30 Mayıs 2020 Cumartesi

martin heidegger (feat. nazım hikmet ran)

noksanlık ayrılık demektir. ya da tam tersi...

"noksanlık şu demektir; birbirine ait olanın henüz bir arada olmaması. (martin heidegger)"

"oysa beni seviyorsun ama bunun farkında değilsin,
ayrılık bunu fark etmeyişindeydi senin. (nazım hikmet)"

27 Mayıs 2020 Çarşamba

dört artı bir

bir..

meğer feridun düzağaç'ı çok seviyormuş. gerçi çoğu insan gibi orjinal- alt yazılı albümüyle tanımış ama olsun. bunca zaman sonra feridun düzağaç üzerine "uzun uzun" konuşmak iyi geldi.
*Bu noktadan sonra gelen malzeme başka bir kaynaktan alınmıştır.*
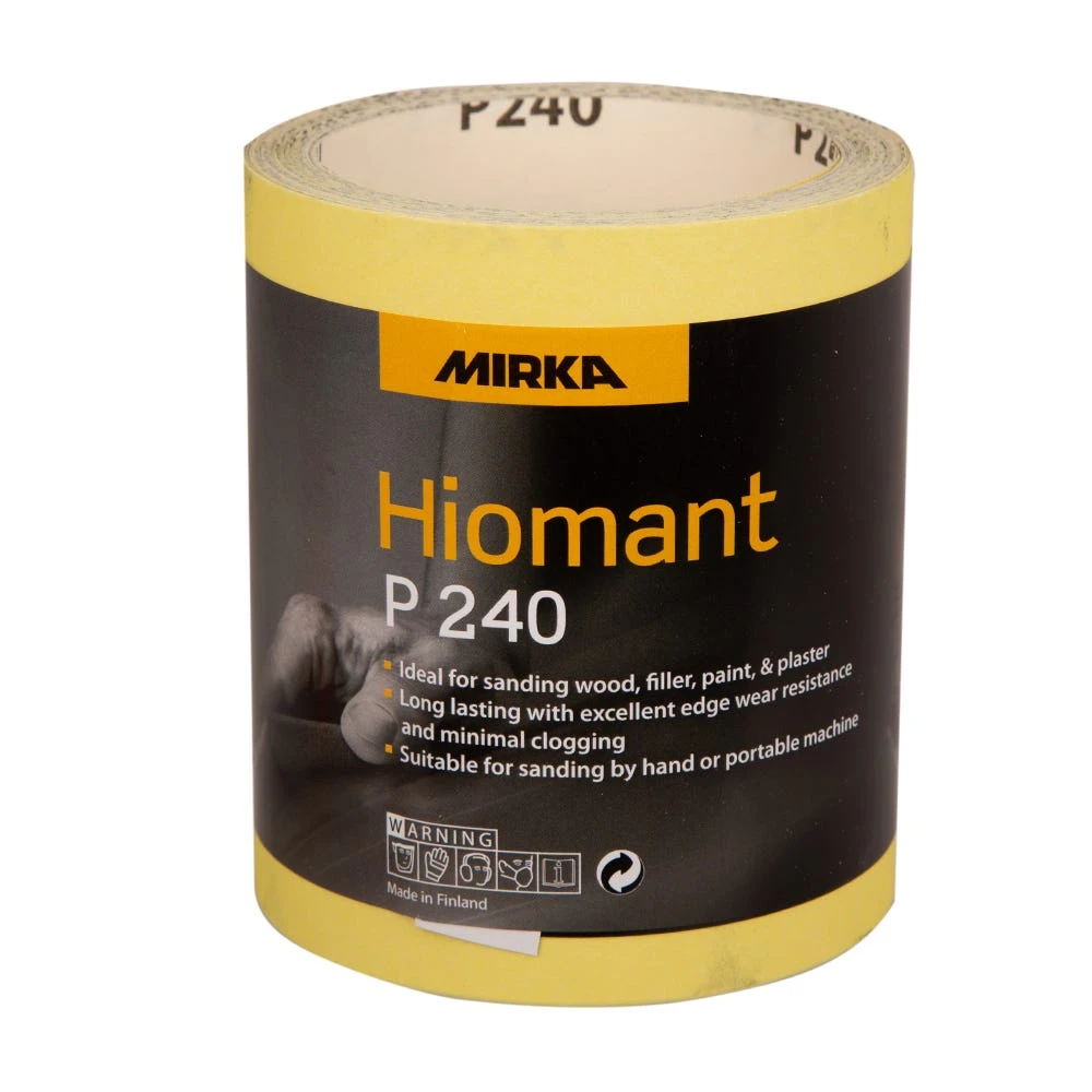 Mirka Yellow Hiomant Sandpaper comes in a 10m roll and is designed for medium to heavy-duty use. It is suitable for sanding both by hand and with a sanding machine. This product is ideal for use on hardwood, paint, putty, plaster, filler, plastic, and softwood surfaces.
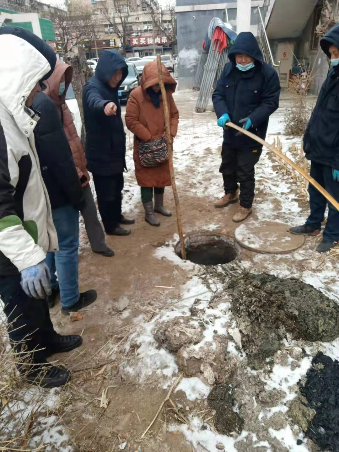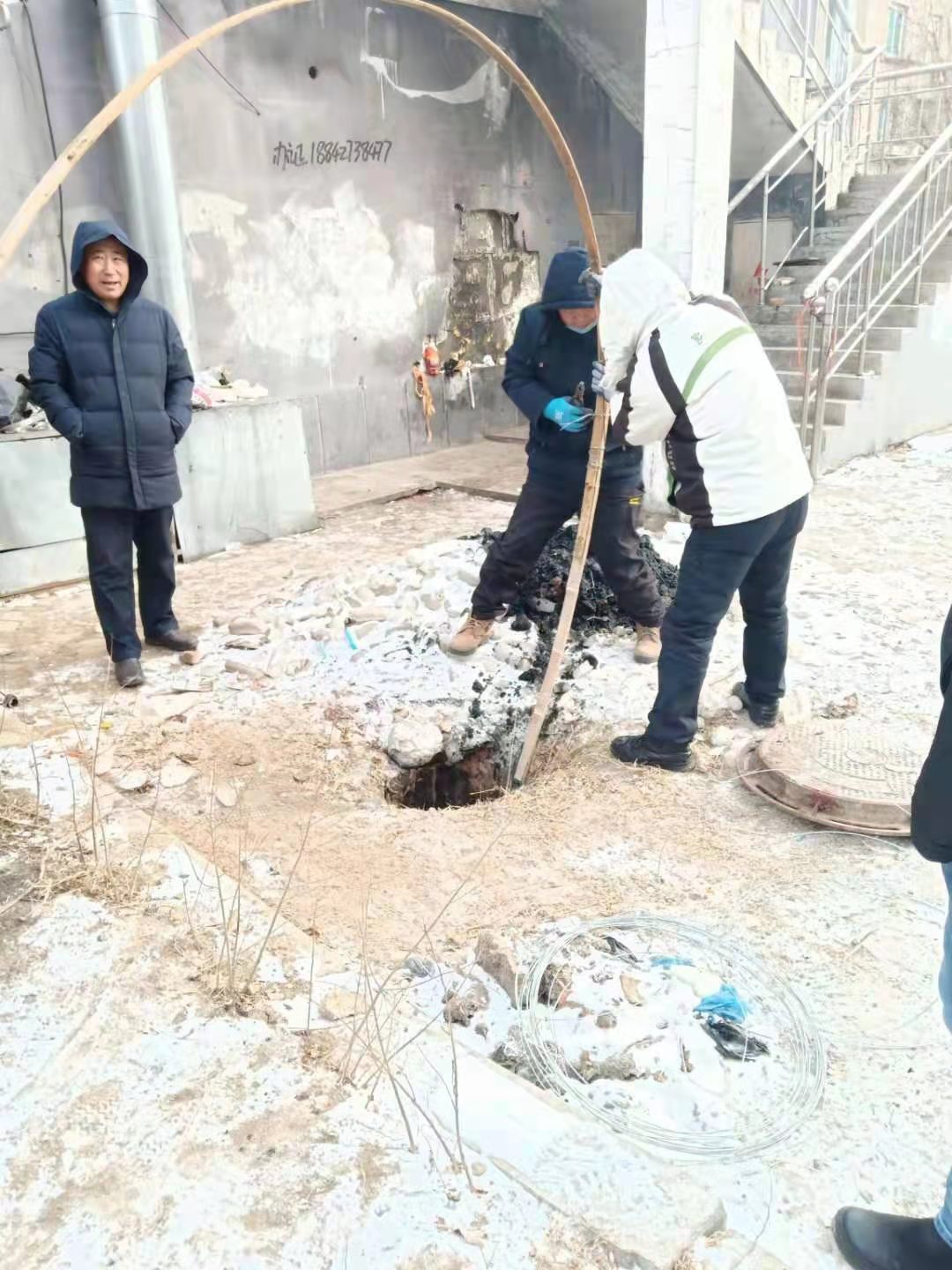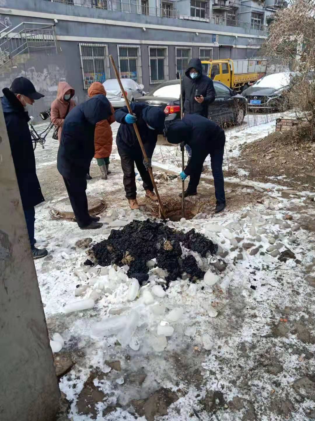 鐵西區(qū)富強(qiáng)街20棟樓屬于棄管樓,排水鐵西管修分公司冬季服務(wù)搶修隊(duì)接到任務(wù)后,立即組織人員趕赴現(xiàn)場(chǎng)勘查,在市城市發(fā)展管理中心的協(xié)調(diào)和幫助下,制定了切實(shí)有效的解決方案。由于當(dāng)天的氣溫零下11℃,污水和污物混合結(jié)成大塊冰坨,給清掏工作帶來很大難度。黨員同志們積極帶頭,冒著嚴(yán)寒,為百姓排憂解難。搶修隊(duì)員們采取人工破冰方式,經(jīng)過三個(gè)多小時(shí)連續(xù)奮戰(zhàn),清掏3座檢查井,疏通50米污水管線,解決了管線堵塞污水外溢難題。
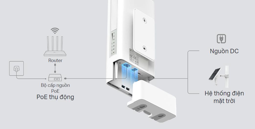 - Nguồn PoE/DC: Hỗ trợ chuẩn 802.3af và PoE thụ động, thuận tiện khi triển khai.
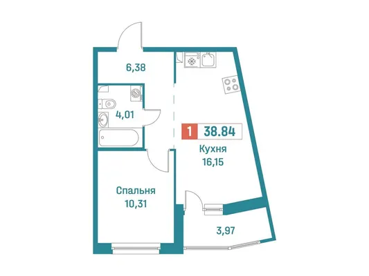 1-комн. 38,84 м²
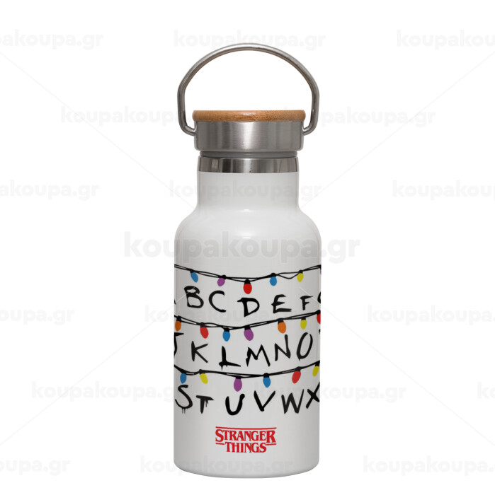 Stranger Things ABC, Metallic thermos (Stainless steel) White with wooden lid (bamboo), double-walled, 350ml
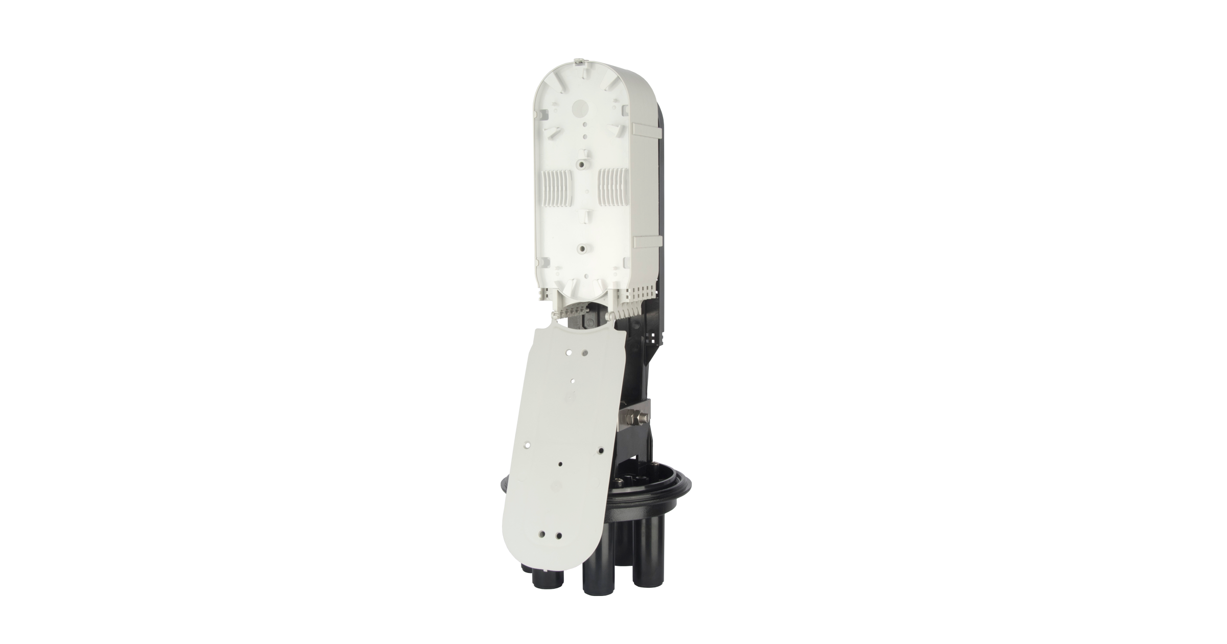 Внутри муфты можно установить до четырех сплайс-кассет из прочного пластика. Конструкция кассет позволяет легко и компактно расположить сростки, исключая при этом скрутки и недопустимые изгибы оптических волокон.
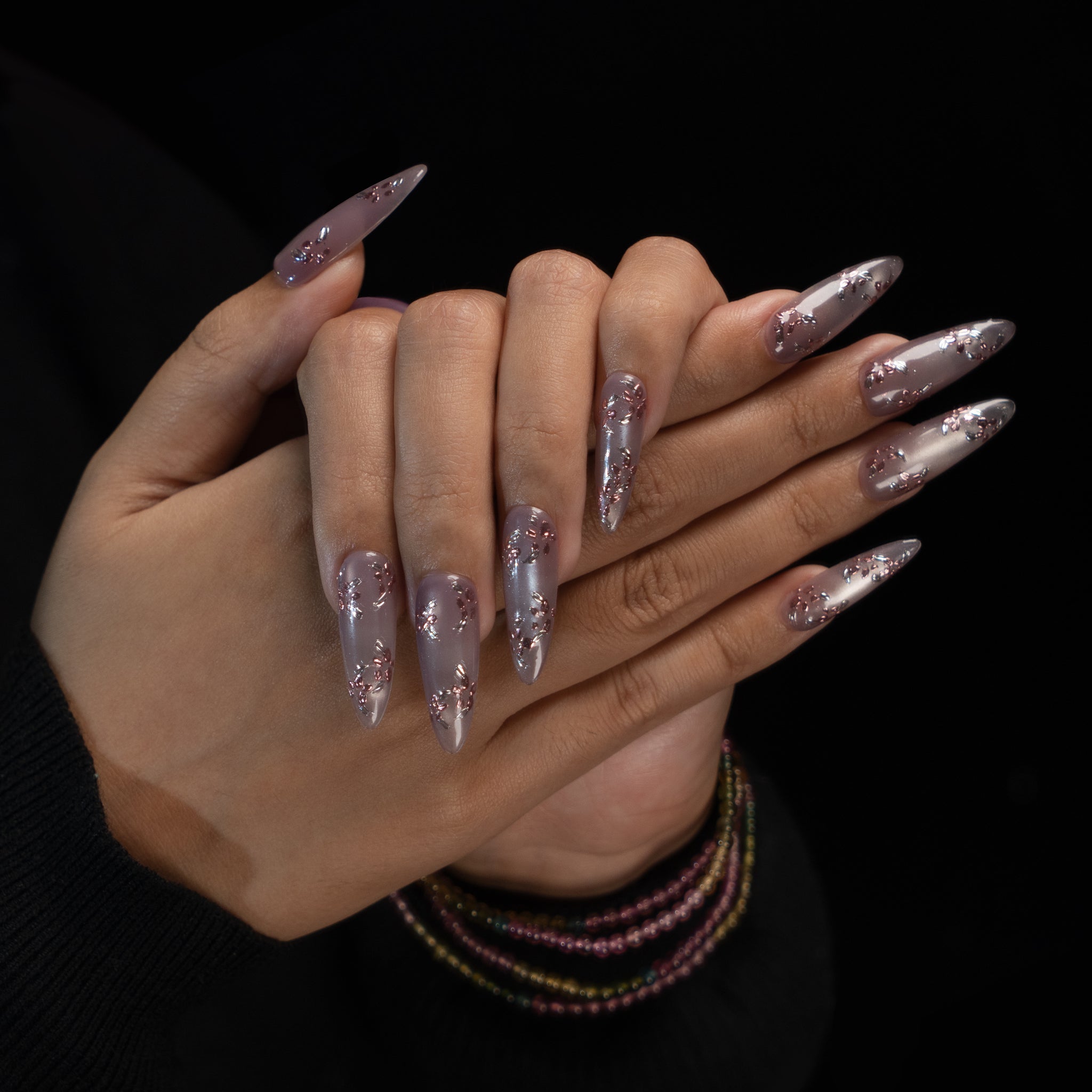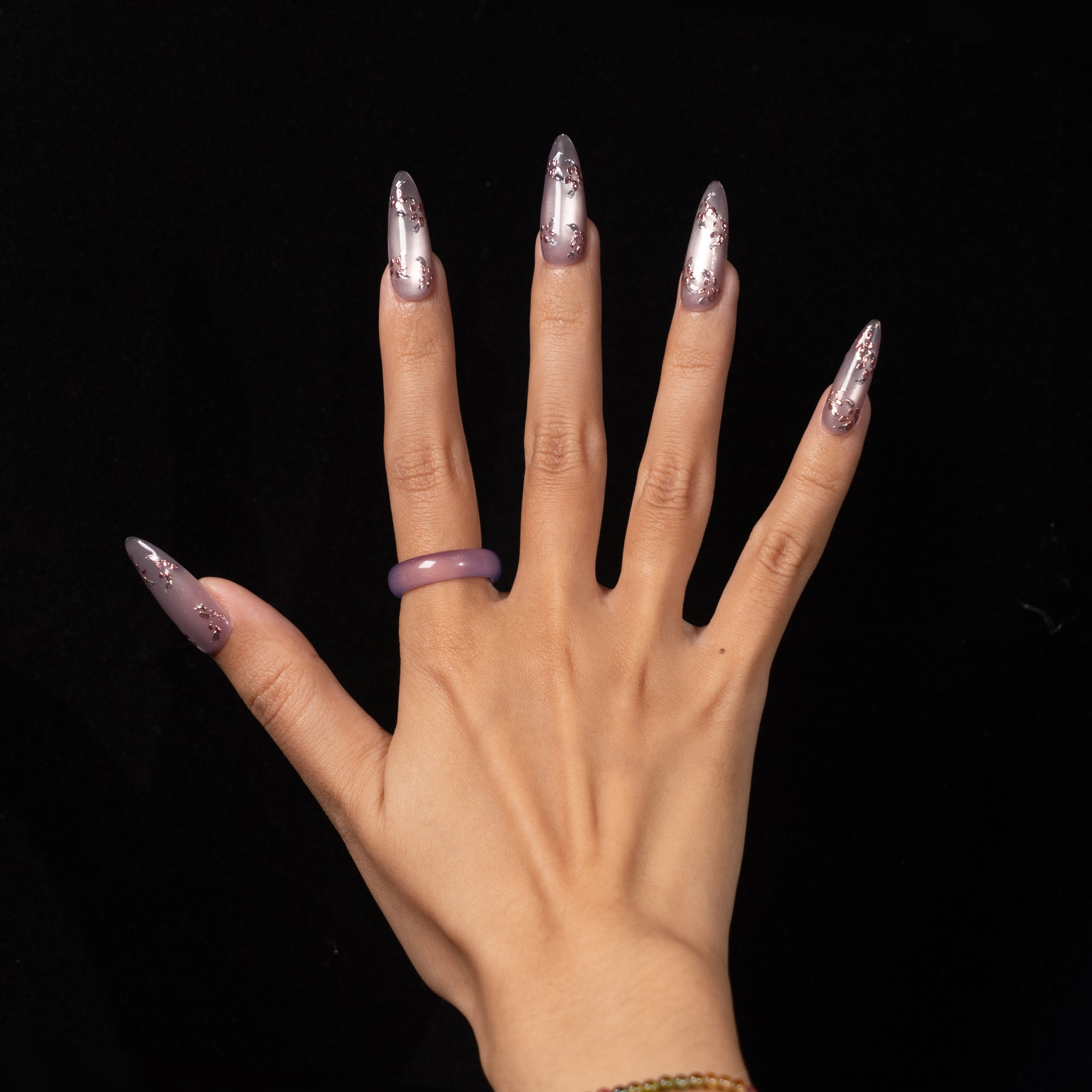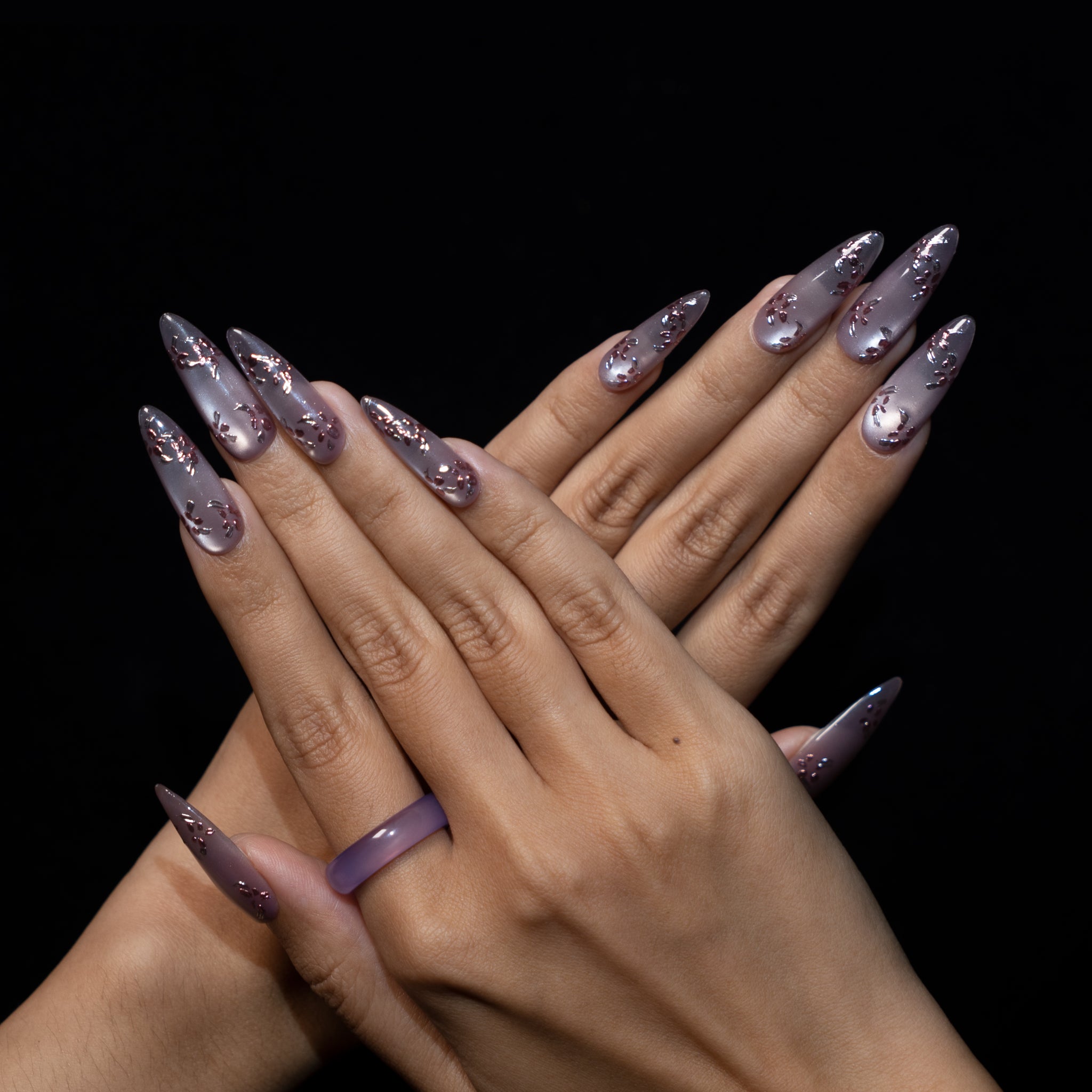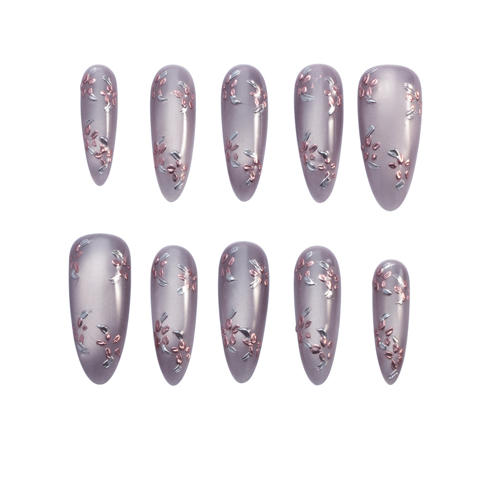 Sur un fond deffet œil-de-chat mauve clair, baigné dun éclat subtile et changeant. Des fleurs esquissées avec désinvolture viennent orner longle, créant un ensemble qui allie les nuances changeantes et magiques du chatoyant à la discrète élégance de la flore.

üstelik kızlık soyadı da tıpkı adı gibi 's' harfiyle başlarmış. şarkının orasını, "ben kısaca s.s./ ama sen bana uzun uzun 'seni seviyorum' de" diye söylermiş.

iki..

bir kızı var. adı le. le. yedi yaşında ve babasına çok benziyor. bana kalırsa sonuç hiç de fena sayılmaz.

le. geçen gün çok üzgündü. ağladı ağlayacak. olmayı istediği yerde olması için ebeveynlerinden gerekli izni alamamış. bir köşede öylece duruyordu.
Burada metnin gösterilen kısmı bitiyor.